EXERCISE OBJECTIVE:
Repeat all the lines below exactly, but omit the pictures.

Stored data entries
+ + + +
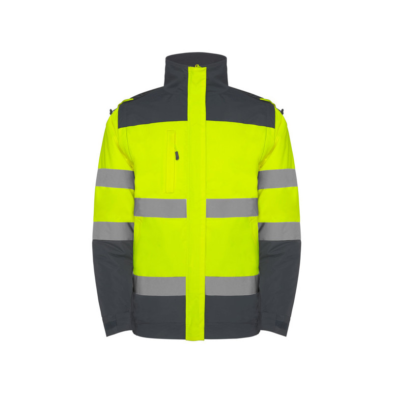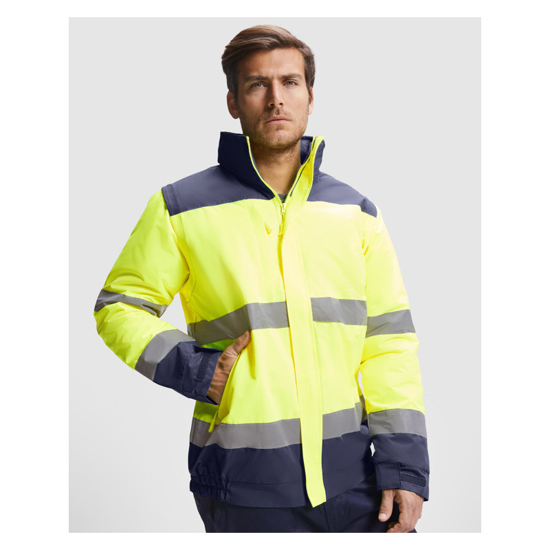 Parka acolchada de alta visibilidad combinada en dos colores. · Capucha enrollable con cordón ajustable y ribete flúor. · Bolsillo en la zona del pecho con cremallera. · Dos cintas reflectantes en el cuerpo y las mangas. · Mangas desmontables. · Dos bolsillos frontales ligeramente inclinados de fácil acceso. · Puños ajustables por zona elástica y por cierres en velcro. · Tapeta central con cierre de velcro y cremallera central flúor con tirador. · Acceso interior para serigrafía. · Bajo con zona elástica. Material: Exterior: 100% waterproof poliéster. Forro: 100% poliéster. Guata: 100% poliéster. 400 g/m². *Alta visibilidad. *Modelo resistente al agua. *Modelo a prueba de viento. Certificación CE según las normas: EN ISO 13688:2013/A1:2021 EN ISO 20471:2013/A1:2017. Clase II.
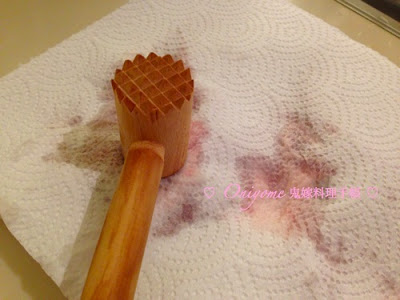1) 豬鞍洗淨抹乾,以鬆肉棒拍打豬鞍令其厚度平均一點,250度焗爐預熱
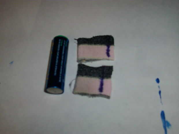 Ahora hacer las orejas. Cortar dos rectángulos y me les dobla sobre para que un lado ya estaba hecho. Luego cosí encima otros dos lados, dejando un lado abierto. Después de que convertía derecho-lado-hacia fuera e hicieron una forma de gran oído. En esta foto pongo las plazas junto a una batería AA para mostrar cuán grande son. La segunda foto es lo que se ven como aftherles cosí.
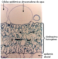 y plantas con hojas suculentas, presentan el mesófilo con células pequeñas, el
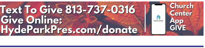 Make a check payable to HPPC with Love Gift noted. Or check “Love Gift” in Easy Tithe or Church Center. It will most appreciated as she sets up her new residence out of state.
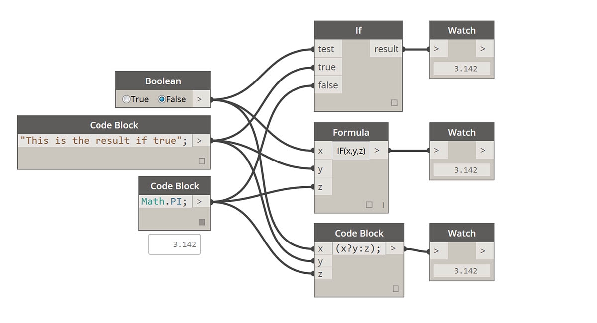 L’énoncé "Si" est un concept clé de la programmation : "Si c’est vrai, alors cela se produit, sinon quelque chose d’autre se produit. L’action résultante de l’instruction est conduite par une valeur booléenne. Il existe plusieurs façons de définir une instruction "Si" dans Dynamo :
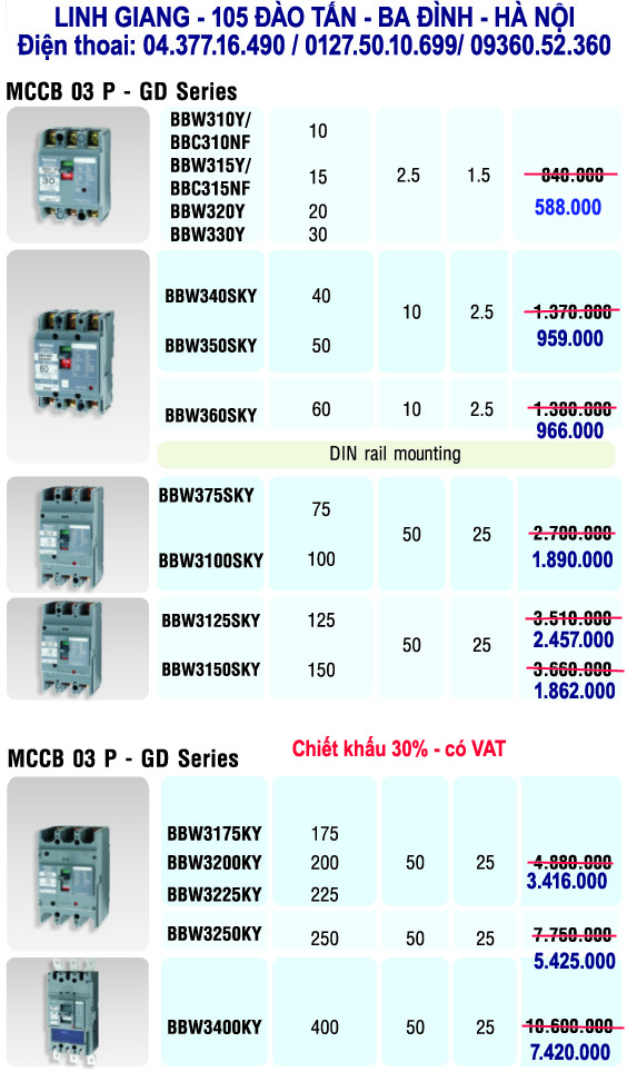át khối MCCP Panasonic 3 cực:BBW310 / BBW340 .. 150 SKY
+ + + +
RESPONSE BELOW:
 Parka acolchada de alta visibilidad combinada en dos colores. · Capucha enrollable con cordón ajustable y ribete flúor. · Bolsillo en la zona del pecho con cremallera. · Dos cintas reflectantes en el cuerpo y las mangas. · Mangas desmontables. · Dos bolsillos frontales ligeramente inclinados de fácil acceso. · Puños ajustables por zona elástica y por cierres en velcro. · Tapeta central con cierre de velcro y cremallera central flúor con tirador. · Acceso interior para serigrafía. · Bajo con zona elástica. Material: Exterior: 100% waterproof poliéster. Forro: 100% poliéster. Guata: 100% poliéster. 400 g/m². *Alta visibilidad. *Modelo resistente al agua. *Modelo a prueba de viento. Certificación CE según las normas: EN ISO 13688:2013/A1:2021 EN ISO 20471:2013/A1:2017. Clase II.
1) 豬鞍洗淨抹乾,以鬆肉棒拍打豬鞍令其厚度平均一點,250度焗爐預熱
 Ahora hacer las orejas. Cortar dos rectángulos y me les dobla sobre para que un lado ya estaba hecho. Luego cosí encima otros dos lados, dejando un lado abierto. Después de que convertía derecho-lado-hacia fuera e hicieron una forma de gran oído. En esta foto pongo las plazas junto a una batería AA para mostrar cuán grande son. La segunda foto es lo que se ven como aftherles cosí.
 y plantas con hojas suculentas, presentan el mesófilo con células pequeñas, el
 Make a check payable to HPPC with Love Gift noted. Or check “Love Gift” in Easy Tithe or Church Center. It will most appreciated as she sets up her new residence out of state.
 L’énoncé "Si" est un concept clé de la programmation : "Si c’est vrai, alors cela se produit, sinon quelque chose d’autre se produit. L’action résultante de l’instruction est conduite par une valeur booléenne. Il existe plusieurs façons de définir une instruction "Si" dans Dynamo :
át khối MCCP Panasonic 3 cực:BBW310 / BBW340 .. 150 SKY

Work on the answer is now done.